Task instructions:
From the listing below, reproduce word for word the part that opens with the line containing "FAGE Total 0%" and closes with the line containing "भारत सरकार की"; reproduce nothing else.

Exercise data:
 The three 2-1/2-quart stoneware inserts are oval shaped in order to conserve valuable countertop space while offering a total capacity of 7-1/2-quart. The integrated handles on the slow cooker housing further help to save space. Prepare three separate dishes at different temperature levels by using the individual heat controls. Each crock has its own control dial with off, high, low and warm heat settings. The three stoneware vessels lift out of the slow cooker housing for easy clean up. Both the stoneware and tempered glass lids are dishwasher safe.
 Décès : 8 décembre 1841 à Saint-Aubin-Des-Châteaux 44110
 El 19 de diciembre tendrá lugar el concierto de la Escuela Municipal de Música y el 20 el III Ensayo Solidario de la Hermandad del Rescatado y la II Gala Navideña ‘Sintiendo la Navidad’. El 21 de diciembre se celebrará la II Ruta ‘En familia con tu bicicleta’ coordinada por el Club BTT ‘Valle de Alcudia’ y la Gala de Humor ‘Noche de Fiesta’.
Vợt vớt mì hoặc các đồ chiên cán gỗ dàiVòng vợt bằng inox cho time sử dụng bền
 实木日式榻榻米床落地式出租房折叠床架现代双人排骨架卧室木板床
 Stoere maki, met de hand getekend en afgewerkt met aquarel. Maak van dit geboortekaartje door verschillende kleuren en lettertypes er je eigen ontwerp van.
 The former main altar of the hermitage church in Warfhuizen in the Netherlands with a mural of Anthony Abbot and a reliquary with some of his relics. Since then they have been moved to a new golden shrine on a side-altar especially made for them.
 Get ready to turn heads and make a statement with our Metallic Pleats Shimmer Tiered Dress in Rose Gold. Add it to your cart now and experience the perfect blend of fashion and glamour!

--

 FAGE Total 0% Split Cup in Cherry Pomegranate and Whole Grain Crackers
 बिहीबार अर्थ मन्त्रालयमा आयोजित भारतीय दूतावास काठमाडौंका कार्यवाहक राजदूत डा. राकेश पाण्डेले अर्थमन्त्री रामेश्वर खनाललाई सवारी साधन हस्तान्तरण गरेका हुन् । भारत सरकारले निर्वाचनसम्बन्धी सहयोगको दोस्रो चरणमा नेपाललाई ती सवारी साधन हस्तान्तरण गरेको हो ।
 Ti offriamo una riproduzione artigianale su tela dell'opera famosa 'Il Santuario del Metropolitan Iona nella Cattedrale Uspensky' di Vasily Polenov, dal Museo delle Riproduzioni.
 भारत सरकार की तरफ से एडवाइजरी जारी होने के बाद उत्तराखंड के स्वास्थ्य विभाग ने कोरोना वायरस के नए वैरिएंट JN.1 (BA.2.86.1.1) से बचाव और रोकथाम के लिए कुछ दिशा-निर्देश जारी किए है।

---

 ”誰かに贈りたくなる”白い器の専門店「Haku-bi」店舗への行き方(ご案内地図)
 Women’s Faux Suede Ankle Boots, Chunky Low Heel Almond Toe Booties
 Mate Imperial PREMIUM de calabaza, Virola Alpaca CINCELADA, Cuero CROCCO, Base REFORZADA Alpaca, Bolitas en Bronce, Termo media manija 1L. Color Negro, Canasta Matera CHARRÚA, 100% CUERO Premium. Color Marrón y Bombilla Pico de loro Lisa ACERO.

Task answer:
 FAGE Total 0% Split Cup in Cherry Pomegranate and Whole Grain Crackers
 बिहीबार अर्थ मन्त्रालयमा आयोजित भारतीय दूतावास काठमाडौंका कार्यवाहक राजदूत डा. राकेश पाण्डेले अर्थमन्त्री रामेश्वर खनाललाई सवारी साधन हस्तान्तरण गरेका हुन् । भारत सरकारले निर्वाचनसम्बन्धी सहयोगको दोस्रो चरणमा नेपाललाई ती सवारी साधन हस्तान्तरण गरेको हो ।
 Ti offriamo una riproduzione artigianale su tela dell'opera famosa 'Il Santuario del Metropolitan Iona nella Cattedrale Uspensky' di Vasily Polenov, dal Museo delle Riproduzioni.
 भारत सरकार की तरफ से एडवाइजरी जारी होने के बाद उत्तराखंड के स्वास्थ्य विभाग ने कोरोना वायरस के नए वैरिएंट JN.1 (BA.2.86.1.1) से बचाव और रोकथाम के लिए कुछ दिशा-निर्देश जारी किए है।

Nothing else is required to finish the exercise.